Happy Surprises

When I initially saw promotions last year for the new show Happy Endings, I dismissed it as a new attempt at Friends.  Six attractive urbanite pals who hang out together a lot.  By the end of the first season, I was thinking, “Wow, that was a pretty successful update of Friends.”

I mean that in a positive way.  My initial willingness to watch was that I found Eliza Coupe to be one of the best parts of the final season of Scrubs.  But what I found was a strong cast and a great set of characters.  Each character has their own quirks, and avoid being strict “type” characters.  Coupe and Damon Wayan’s Jr are the only married couple in the circle of friends, with Coupe being a straight laced person who tries to be up to date with “cool”-yet really just does not understand it.  Wayans Jr plays Brad as cool, but only on the surface, with his friends, he becomes much more geekish.

Penny (Casey Wilson) could simply have been the desperate for a boyfriend single girl.  Instead, she is the desperate free sprit.  Or at least thinks she is a free spirit.  Then there is Max (Adam Pally).  Max is the gay guy in the mix.  He’s unkempt and ambitiously lazy, trying to avoid work.  He is full of sarcasm and tries to help his friends-but often being capable of messing it up by…well, not caring enough.
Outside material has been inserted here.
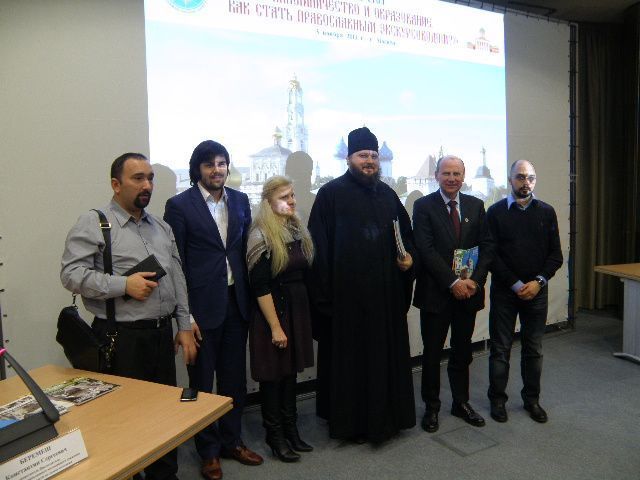 С вступительным словом выступил иеродиакон Лаврентий (Полешкевич), заместитель декана факультета церковного служения Российского православного университета, руководитель Паломнической службы Высоко-Петровского ставропигиального мужского монастыря. Он рассказал, что Паломническим центром Московского Патриархата и РПУ был создан совместный проект − курсы по обучению и повышению квалификации православных экскурсоводов. Курсы начали свою работу 16 октября нынешнего года и вызвали большой интерес не только у профессиональных гидов, но и просто у паломников и любителей русской истории.

In the beginning, the show focused most heavily on Alex (Elisha Cuthbert) and Dave (Zachary Knighton) , a couple who were set to be married until Alex suffered cold feet and left Dave at the altar.  The early stories were about the two coming to terms and rebuilding their lives-and relationship.  It also showed how their friend circle dealt with it (sarcasm and denial played big roles). 

Rather than giving us another Ross and Rachel, endlessly dragging out a will they won’t they game, Happy Endings has settled into a resolved friendship with no real tension.  This is a real relief, as it allows the show to focus on the friends and their quirks.  The writers take typical sit com territory and tweak it into fun crazy events.  Really, the show melds a Seinfeld sensibility and Friends mentality into a an enjoyable cohesive mix that generates plenty of laughs.